Acquate
Il rione che fa da sfondo all'incontro tra i Bravi e Don Abbondio
Sul promontorio dello Zucco, ben visibile dal rione Acquate e mentre si percorre l’Itinerario Manzoniano, si può scorgere la villa che viene identificata come il Palazzotto di Don Rodrigo. Questa è la residenza del signorotto che nel romanzo di Alessandro Manzoni esercita il suo dominio su Lecco, dove vivono i due promessi sposi.
Il Palazzotto fu edificato alla fine del sedicesimo secolo dagli Arrigoni, una famiglia rivale dei Manzoni.

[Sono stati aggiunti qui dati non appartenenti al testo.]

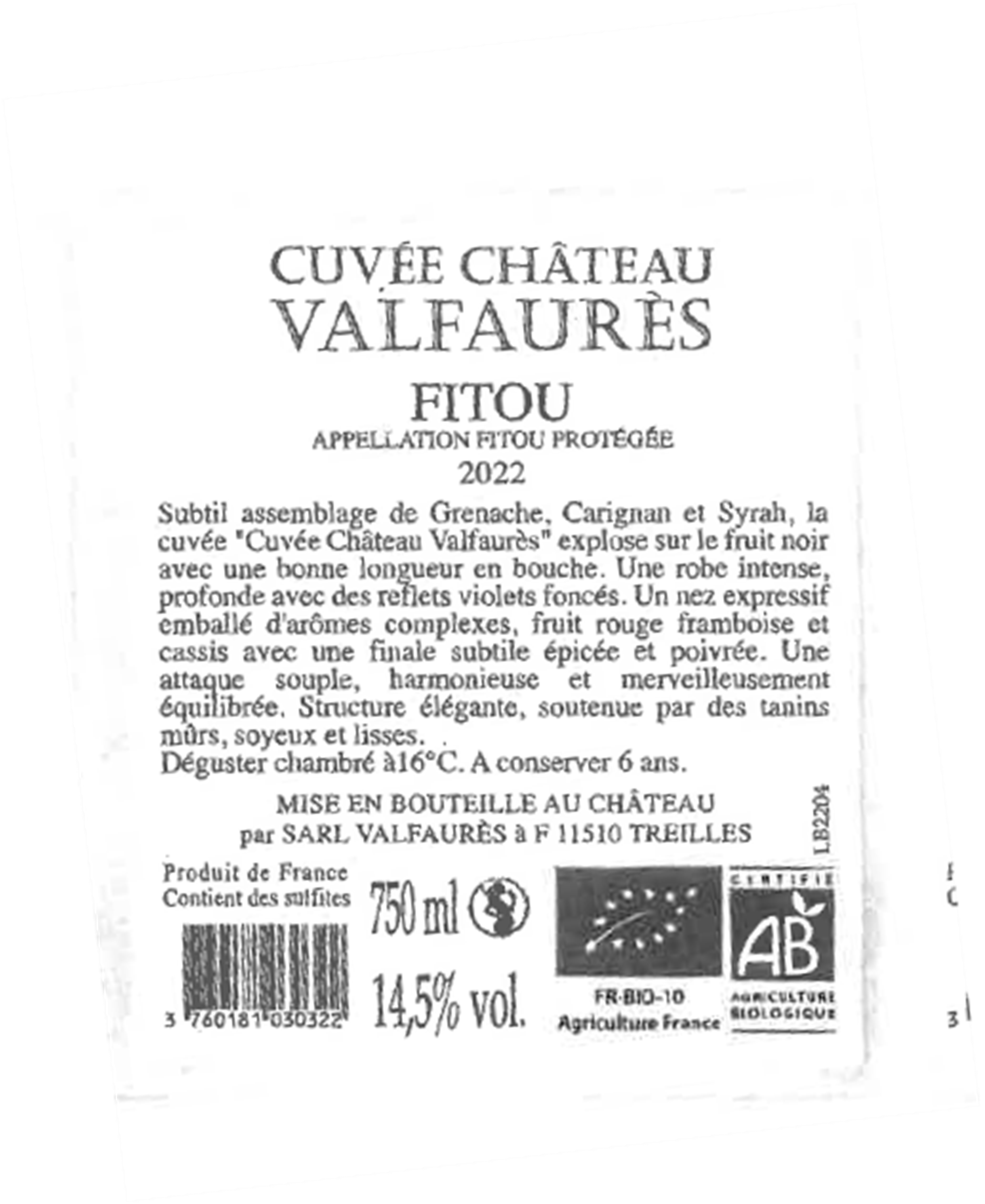 | Libellé | Valfaures BIO, 2022 - Fitou AOP - Rouge - 75 cl |

Passò poi ai conti Salazar e fu abbattuto nel 1937. In quest’anno venne poi edificata l’attuale Villa Guzzi, progettata dall’architetto razionalista Mario Cereghini.

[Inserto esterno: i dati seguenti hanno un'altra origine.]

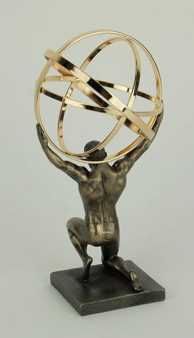 【Veronese Design 9" Tall Atlas Carrying Celestial Sphere Statue ColdCast Resin Antique Bronze Finish Golden Finish Sphere】
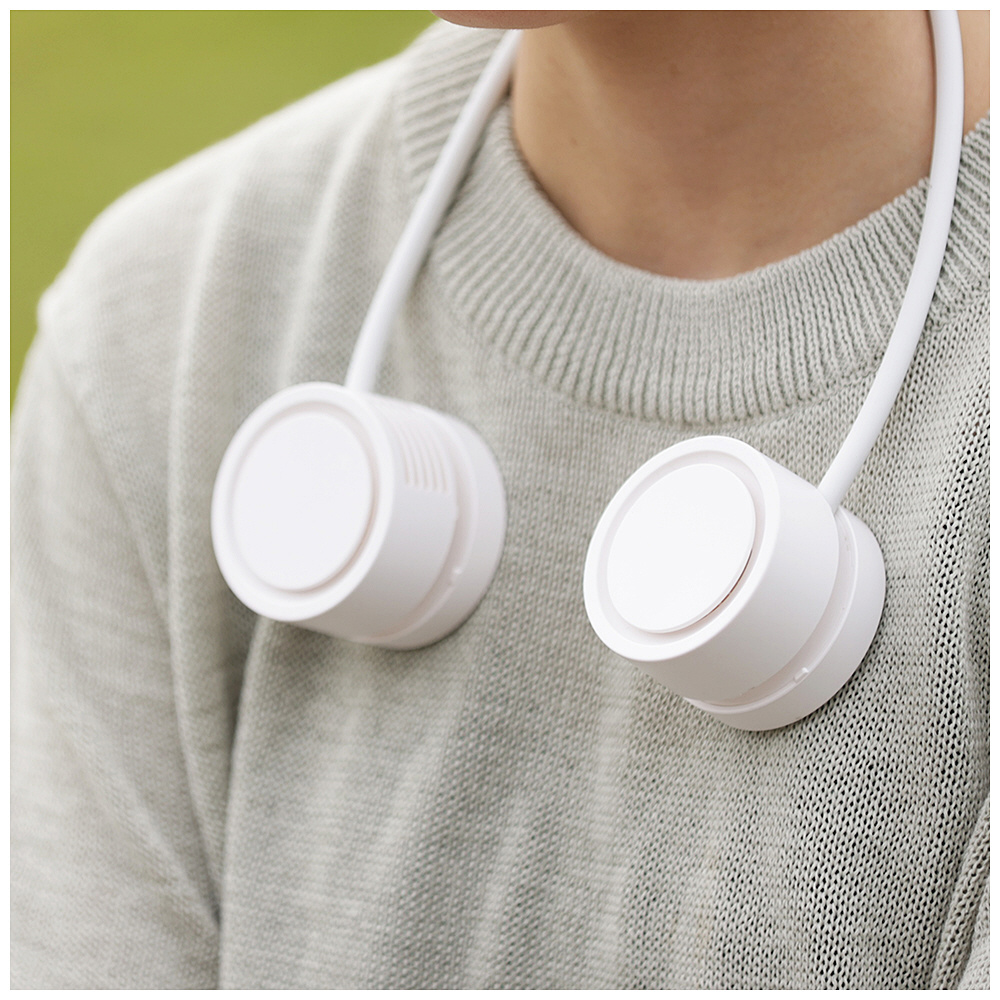 首にかけて両手を自由に使える扇風機! 収納に便利なポーチ付き。

La residenza di Don Rodrigo è descritta nel capitolo V del romanzo di Alessandro Manzoni quando padre Cristoforo vi si reca nel vano tentativo di convincere il nobile ad abbandonare i suoi propositi nei confronti di Lucia.
«Il palazzotto di don Rodrigo sorgeva isolato, a somiglianza d’una bicocca, sulla cima d’uno de’ poggi ond’è sparsa e rilevata quella costiera. A questa indicazione l’anonimo aggiunge che il luogo (avrebbe fatto meglio a scriverne alla buona il nome) era più in su del paesello degli sposi, discosto da questo forse tre miglia, e quattro dal convento. Appiè del poggio, dalla parte che guarda a mezzogiorno, e verso il lago, giaceva un mucchietto di casupole, abitate da contadini di don Rodrigo; ed era come la piccola capitale del suo piccol regno. Bastava passarvi, per esser chiarito della condizione e de’ costumi del paese. Dando un’occhiata nelle stanze terrene, dove qualche uscio fosse aperto, si vedevano attaccati al muro schioppi, tromboni, zappe, rastrelli, cappelli di paglia, reticelle e fiaschetti da polvere, alla rinfusa. (…) Fra Cristoforo attraversò il villaggio, salì per una viuzza a chiocciola, e pervenne su una piccola spianata, davanti al palazzotto. La porta era chiusa, segno che il padrone stava desinando, e non voleva esser frastornato. Le rade e piccole finestre che davan sulla strada, chiuse da imposte sconnesse e consunte dagli anni, eran però difese da grosse inferriate, e quelle del pian terreno tant’alte che appena vi sarebbe arrivato un uomo sulle spalle d’un altro. Regnava quivi un gran silenzio; e un passeggiero avrebbe potuto credere che fosse una casa abbandonata, se quattro creature, due vive e due morte, collocate in simmetria, di fuori, non avesser dato un indizio d’abitanti. Due grand’avoltoi, con l’ali spalancate, e co’ teschi penzoloni, l’uno spennacchiato e mezzo roso dal tempo, l’altro ancor saldo e pennuto, erano inchiodati, ciascuno sur un battente del portone; e due bravi, sdraiati, ciascuno sur una delle panche poste a destra e a sinistra, facevan la guardia, aspettando d’esser chiamati a goder gli avanzi della tavola del signore […]».